» **Exercise details**: Return, without pictures, the lines from the start of the data through the one that contains "Picture this: flaky, golden".

» **Data excerpt**:
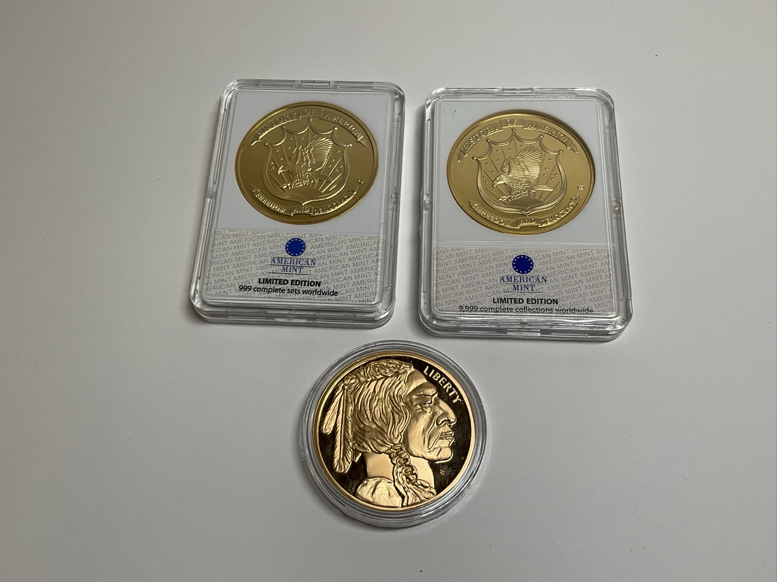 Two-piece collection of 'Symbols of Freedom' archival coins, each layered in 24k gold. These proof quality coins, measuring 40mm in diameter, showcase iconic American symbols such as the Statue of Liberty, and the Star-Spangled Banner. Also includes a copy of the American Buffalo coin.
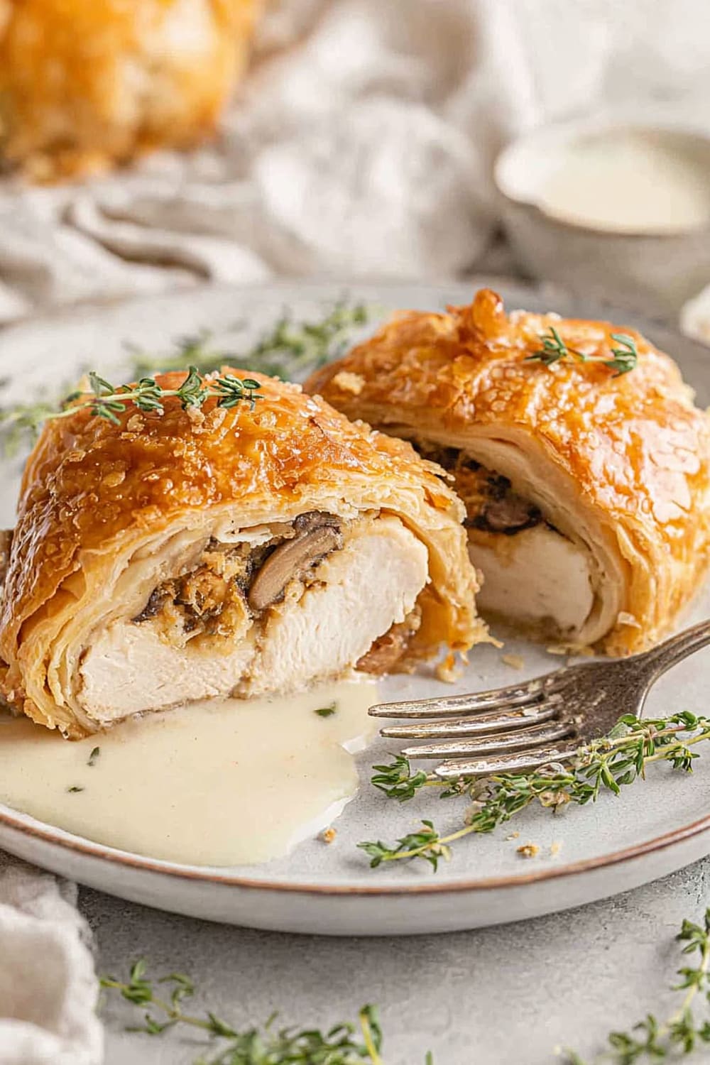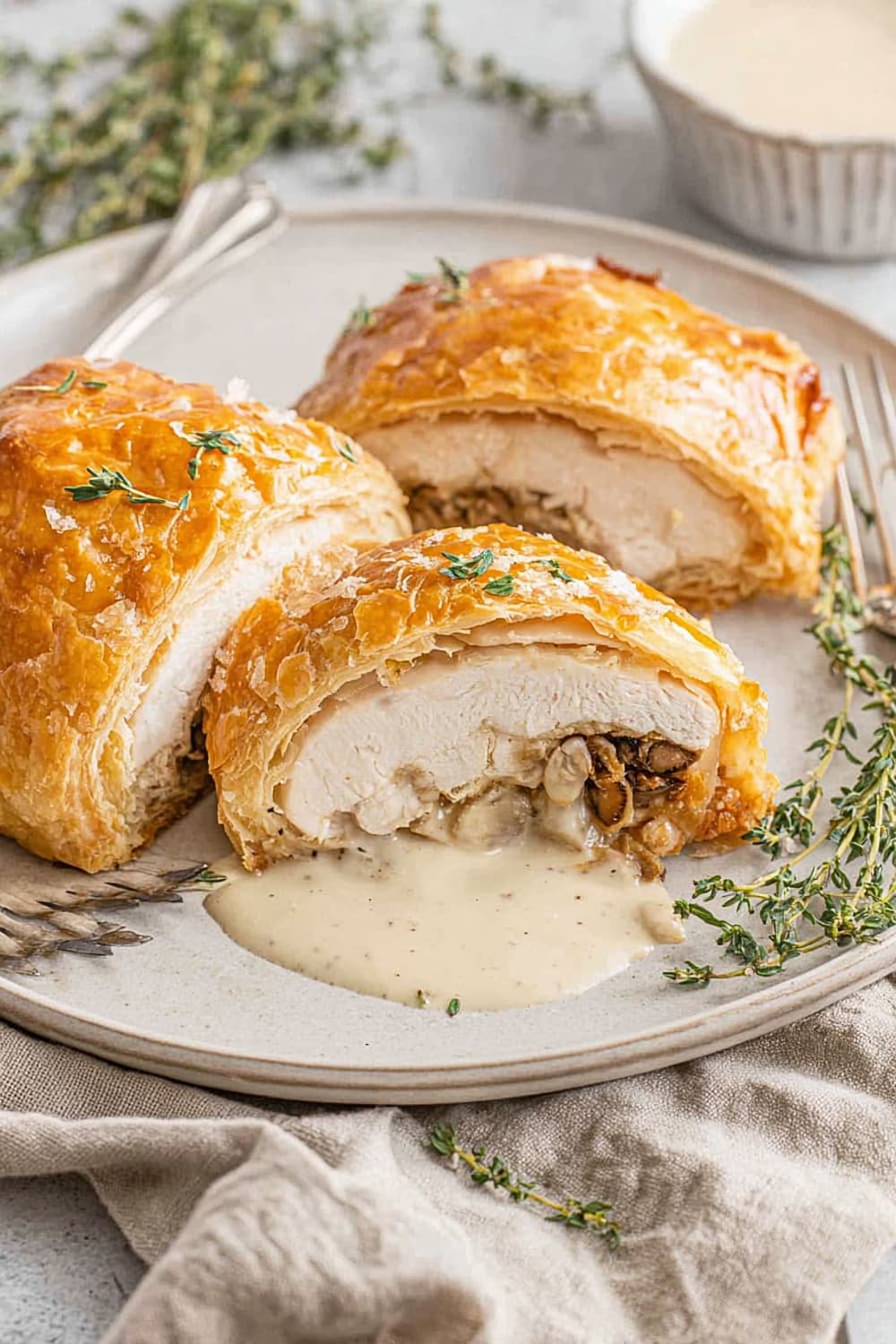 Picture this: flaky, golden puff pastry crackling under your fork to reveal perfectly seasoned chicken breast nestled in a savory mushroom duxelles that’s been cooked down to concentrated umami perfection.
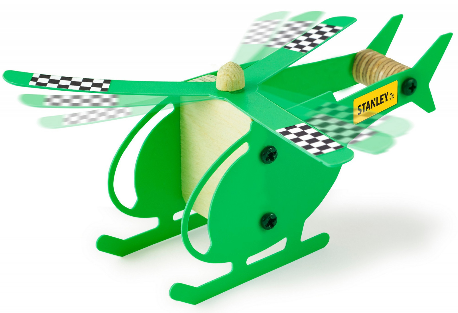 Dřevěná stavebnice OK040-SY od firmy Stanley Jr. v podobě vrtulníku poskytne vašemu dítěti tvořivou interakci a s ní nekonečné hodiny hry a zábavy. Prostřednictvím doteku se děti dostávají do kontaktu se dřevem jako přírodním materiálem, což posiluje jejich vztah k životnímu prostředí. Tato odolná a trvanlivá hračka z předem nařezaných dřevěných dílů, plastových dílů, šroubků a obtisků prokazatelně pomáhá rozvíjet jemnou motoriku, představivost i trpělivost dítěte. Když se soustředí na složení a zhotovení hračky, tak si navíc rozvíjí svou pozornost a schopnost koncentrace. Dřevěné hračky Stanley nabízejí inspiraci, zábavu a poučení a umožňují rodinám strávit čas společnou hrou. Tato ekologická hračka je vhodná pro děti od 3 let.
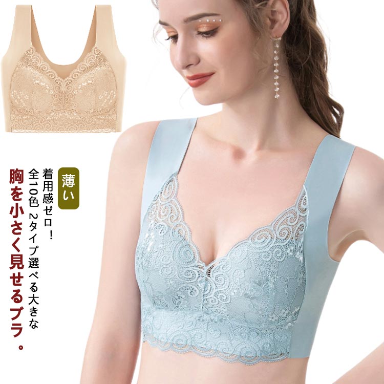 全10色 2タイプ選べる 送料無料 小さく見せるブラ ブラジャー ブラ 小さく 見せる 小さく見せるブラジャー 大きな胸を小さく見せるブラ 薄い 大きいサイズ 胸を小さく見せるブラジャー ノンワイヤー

» **Result of the task**:
 Two-piece collection of 'Symbols of Freedom' archival coins, each layered in 24k gold. These proof quality coins, measuring 40mm in diameter, showcase iconic American symbols such as the Statue of Liberty, and the Star-Spangled Banner. Also includes a copy of the American Buffalo coin.
 Picture this: flaky, golden puff pastry crackling under your fork to reveal perfectly seasoned chicken breast nestled in a savory mushroom duxelles that’s been cooked down to concentrated umami perfection.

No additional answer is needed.